Wednesday, June 22, 2016

Remembering How I Started with Programming

As I've said on this blog before, sometimes I can't help but feel dumb at times as I see so much brilliant code being written out there.

But at the same time, I have to remember that it takes years to master certain skills and knowledge.  I like to think people have looked at my code and think it's pretty nifty too :-)

Just the other day I was writing a simple python script for some personal use at home.  I wanted it to do a few different things in it and at some point it occurred to me that I've never parsed command line options in a Python script before.  I guess up to this point I'd only written Python scripts to do one simple thing or modified much larger bodies of code that others had started (i.e. I probably cut & pasted prior argument parsing code to add the option(s) I wanted).

I went online and started reading through the Python argparse documentation.

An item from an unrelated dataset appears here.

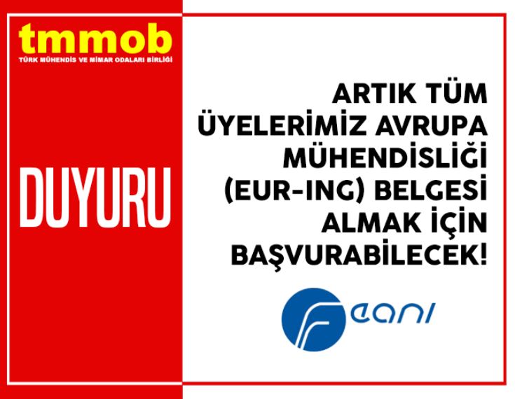 Türk Mühendis ve Mimar Odaları Birliği'nin (TMMOB) üyesi olduğu FEANI (European Federation of National Engineering Associations - Avrupa Ulusal Mühendislik Birlikleri Federasyonu) tarafından verilen Eur-Ing (Avrupa Mühendisliği) Belgesi başvuru kriterlerinde önemli değişikliklere gidildi.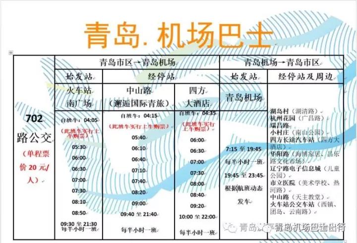 起點:青島國際機場 終點:青島粵海酒店 發(fā)車時間:08:00—18:00每小時一班,20:00和22:00各一班...[詳情]

I suddenly paused and realized something.

About 17 years ago I was in my first internship in college.  I was writing tools/commands in C to execute test code.  I still remember reading the getopt manpage at one point because I had never actually done argument parsing in C before.  The first time you see a string like "hVa:b:", it can be quite confusing.

About 14 years ago, in my first month of my first fulltime job after college, I was working on Genders.  I remember reading about getopt_long because I had never dealt with long options in C before.

So I actually sat back and paused, realizing that I've learned a lot over the last 16 or so years.  And sometimes when you feel dumb that you aren't an expert in one particular subject, you have to remember that the things you are more of an expert in, you had to read that documentation for the very first time at some point too.